[Opening DATA TO EXAMINE section]

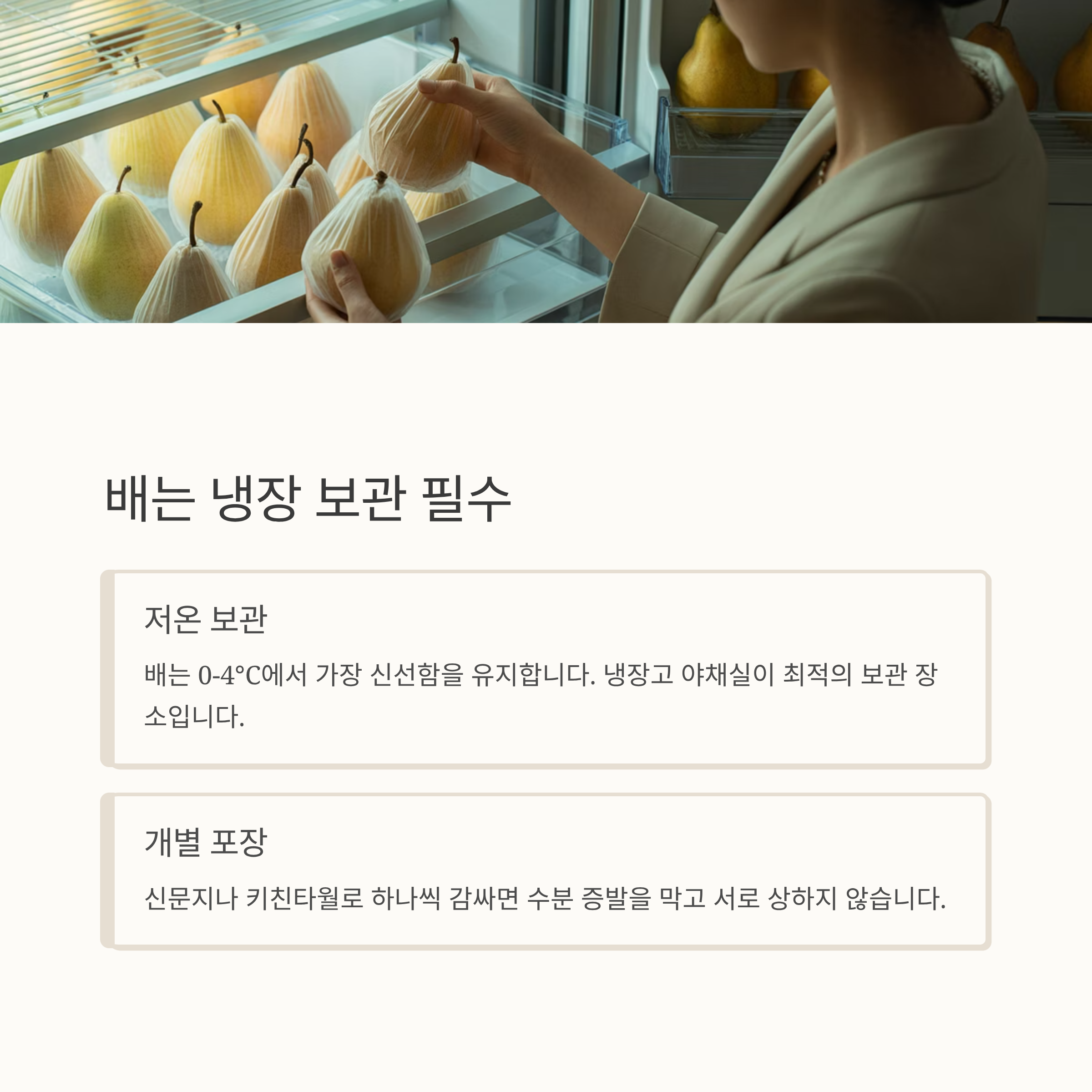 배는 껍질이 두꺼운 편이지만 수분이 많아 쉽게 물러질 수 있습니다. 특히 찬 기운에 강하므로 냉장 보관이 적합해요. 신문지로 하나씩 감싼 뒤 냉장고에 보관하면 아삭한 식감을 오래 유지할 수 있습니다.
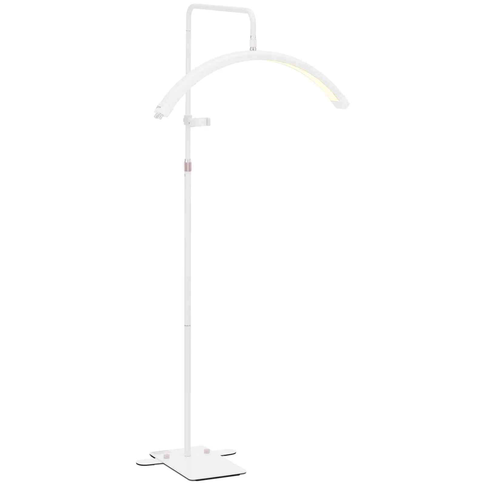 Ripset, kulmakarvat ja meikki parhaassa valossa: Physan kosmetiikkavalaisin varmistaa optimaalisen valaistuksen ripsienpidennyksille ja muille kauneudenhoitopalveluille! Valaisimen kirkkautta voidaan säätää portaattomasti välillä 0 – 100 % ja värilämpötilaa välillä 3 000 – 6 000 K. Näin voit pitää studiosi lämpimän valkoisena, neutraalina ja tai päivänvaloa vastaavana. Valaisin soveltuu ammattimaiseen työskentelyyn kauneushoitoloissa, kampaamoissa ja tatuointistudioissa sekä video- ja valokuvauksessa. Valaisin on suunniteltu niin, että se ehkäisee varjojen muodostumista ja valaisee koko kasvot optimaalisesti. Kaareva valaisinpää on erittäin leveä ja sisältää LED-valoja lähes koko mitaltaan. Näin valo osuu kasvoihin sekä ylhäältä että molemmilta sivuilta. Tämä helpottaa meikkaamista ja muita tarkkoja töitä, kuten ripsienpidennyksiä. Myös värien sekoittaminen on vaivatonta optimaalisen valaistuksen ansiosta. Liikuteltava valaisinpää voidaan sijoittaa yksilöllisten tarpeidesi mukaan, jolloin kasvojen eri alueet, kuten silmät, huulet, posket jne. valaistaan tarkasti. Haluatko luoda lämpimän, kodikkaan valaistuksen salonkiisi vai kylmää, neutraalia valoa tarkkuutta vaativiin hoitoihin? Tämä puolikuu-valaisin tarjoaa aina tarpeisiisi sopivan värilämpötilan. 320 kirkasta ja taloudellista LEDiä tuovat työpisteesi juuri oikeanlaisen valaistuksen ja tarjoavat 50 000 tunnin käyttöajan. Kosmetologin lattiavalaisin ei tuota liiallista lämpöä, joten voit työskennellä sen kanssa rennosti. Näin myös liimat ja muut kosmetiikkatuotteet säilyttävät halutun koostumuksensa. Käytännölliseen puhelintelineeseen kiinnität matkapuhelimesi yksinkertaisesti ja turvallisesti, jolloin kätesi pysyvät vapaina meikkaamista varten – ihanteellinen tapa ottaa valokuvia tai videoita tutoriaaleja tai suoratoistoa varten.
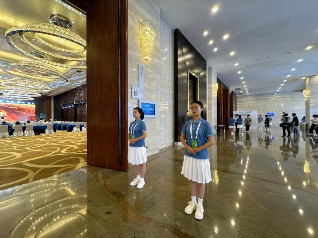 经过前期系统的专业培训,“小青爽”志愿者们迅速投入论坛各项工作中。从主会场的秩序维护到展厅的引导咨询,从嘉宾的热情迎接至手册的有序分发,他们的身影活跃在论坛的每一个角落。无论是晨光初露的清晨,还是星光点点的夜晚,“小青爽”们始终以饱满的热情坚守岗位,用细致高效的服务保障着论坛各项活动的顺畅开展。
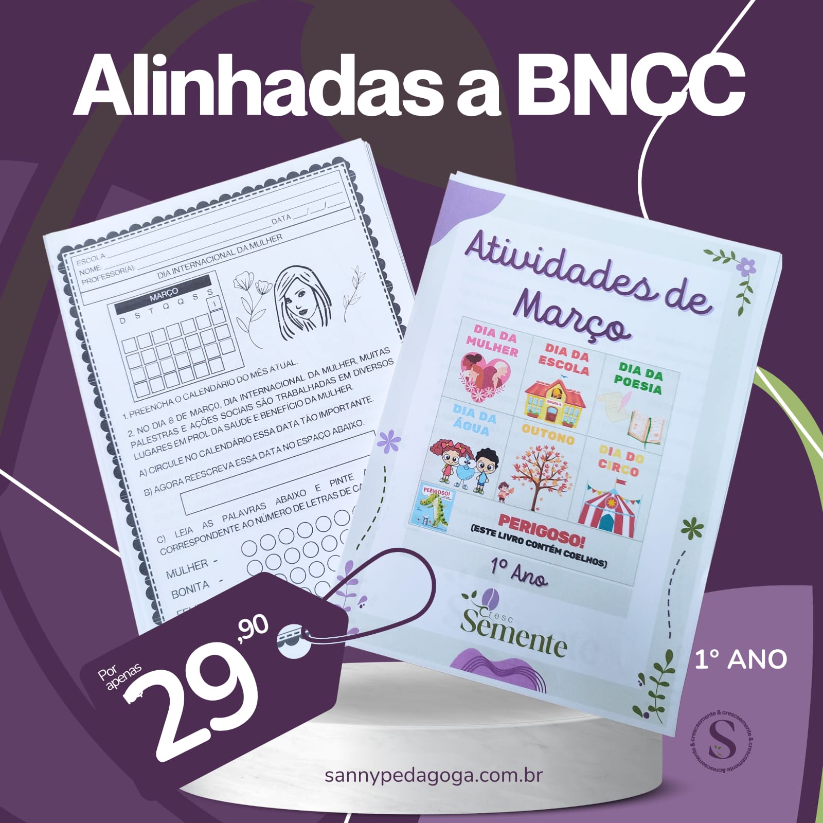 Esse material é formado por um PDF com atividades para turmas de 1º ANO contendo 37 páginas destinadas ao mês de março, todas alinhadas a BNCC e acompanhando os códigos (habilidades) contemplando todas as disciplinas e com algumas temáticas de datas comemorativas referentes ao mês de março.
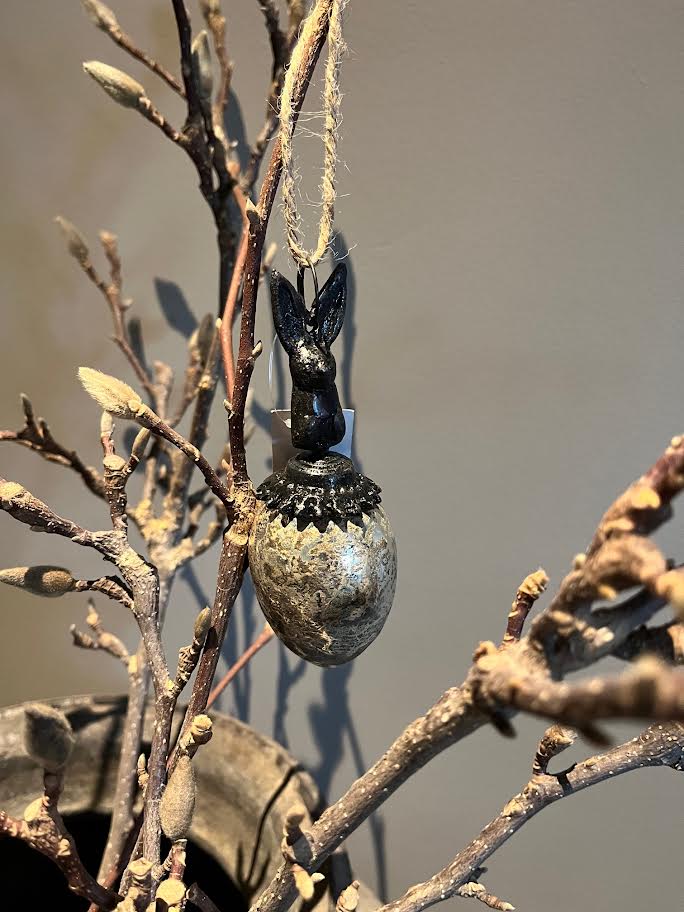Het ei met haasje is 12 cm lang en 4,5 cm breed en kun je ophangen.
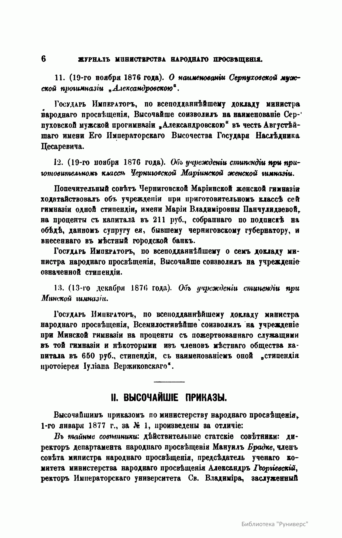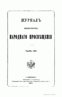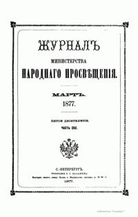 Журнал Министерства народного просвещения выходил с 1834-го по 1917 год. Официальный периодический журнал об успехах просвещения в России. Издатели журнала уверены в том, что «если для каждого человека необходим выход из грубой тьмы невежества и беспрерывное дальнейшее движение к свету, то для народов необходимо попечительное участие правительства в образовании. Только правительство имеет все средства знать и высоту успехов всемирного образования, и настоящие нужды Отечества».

[Closing DATA TO EXAMINE section]

PROBLEM DETAILS:
Please make an exact copy of the whole listing and leave out its pictures.

PROBLEM SOLUTION:
 배는 껍질이 두꺼운 편이지만 수분이 많아 쉽게 물러질 수 있습니다. 특히 찬 기운에 강하므로 냉장 보관이 적합해요. 신문지로 하나씩 감싼 뒤 냉장고에 보관하면 아삭한 식감을 오래 유지할 수 있습니다.
 Ripset, kulmakarvat ja meikki parhaassa valossa: Physan kosmetiikkavalaisin varmistaa optimaalisen valaistuksen ripsienpidennyksille ja muille kauneudenhoitopalveluille! Valaisimen kirkkautta voidaan säätää portaattomasti välillä 0 – 100 % ja värilämpötilaa välillä 3 000 – 6 000 K. Näin voit pitää studiosi lämpimän valkoisena, neutraalina ja tai päivänvaloa vastaavana. Valaisin soveltuu ammattimaiseen työskentelyyn kauneushoitoloissa, kampaamoissa ja tatuointistudioissa sekä video- ja valokuvauksessa. Valaisin on suunniteltu niin, että se ehkäisee varjojen muodostumista ja valaisee koko kasvot optimaalisesti. Kaareva valaisinpää on erittäin leveä ja sisältää LED-valoja lähes koko mitaltaan. Näin valo osuu kasvoihin sekä ylhäältä että molemmilta sivuilta. Tämä helpottaa meikkaamista ja muita tarkkoja töitä, kuten ripsienpidennyksiä. Myös värien sekoittaminen on vaivatonta optimaalisen valaistuksen ansiosta. Liikuteltava valaisinpää voidaan sijoittaa yksilöllisten tarpeidesi mukaan, jolloin kasvojen eri alueet, kuten silmät, huulet, posket jne. valaistaan tarkasti. Haluatko luoda lämpimän, kodikkaan valaistuksen salonkiisi vai kylmää, neutraalia valoa tarkkuutta vaativiin hoitoihin? Tämä puolikuu-valaisin tarjoaa aina tarpeisiisi sopivan värilämpötilan. 320 kirkasta ja taloudellista LEDiä tuovat työpisteesi juuri oikeanlaisen valaistuksen ja tarjoavat 50 000 tunnin käyttöajan. Kosmetologin lattiavalaisin ei tuota liiallista lämpöä, joten voit työskennellä sen kanssa rennosti. Näin myös liimat ja muut kosmetiikkatuotteet säilyttävät halutun koostumuksensa. Käytännölliseen puhelintelineeseen kiinnität matkapuhelimesi yksinkertaisesti ja turvallisesti, jolloin kätesi pysyvät vapaina meikkaamista varten – ihanteellinen tapa ottaa valokuvia tai videoita tutoriaaleja tai suoratoistoa varten.
 经过前期系统的专业培训,“小青爽”志愿者们迅速投入论坛各项工作中。从主会场的秩序维护到展厅的引导咨询,从嘉宾的热情迎接至手册的有序分发,他们的身影活跃在论坛的每一个角落。无论是晨光初露的清晨,还是星光点点的夜晚,“小青爽”们始终以饱满的热情坚守岗位,用细致高效的服务保障着论坛各项活动的顺畅开展。
 Esse material é formado por um PDF com atividades para turmas de 1º ANO contendo 37 páginas destinadas ao mês de março, todas alinhadas a BNCC e acompanhando os códigos (habilidades) contemplando todas as disciplinas e com algumas temáticas de datas comemorativas referentes ao mês de março.
Het ei met haasje is 12 cm lang en 4,5 cm breed en kun je ophangen.
 Журнал Министерства народного просвещения выходил с 1834-го по 1917 год. Официальный периодический журнал об успехах просвещения в России. Издатели журнала уверены в том, что «если для каждого человека необходим выход из грубой тьмы невежества и беспрерывное дальнейшее движение к свету, то для народов необходимо попечительное участие правительства в образовании. Только правительство имеет все средства знать и высоту успехов всемирного образования, и настоящие нужды Отечества».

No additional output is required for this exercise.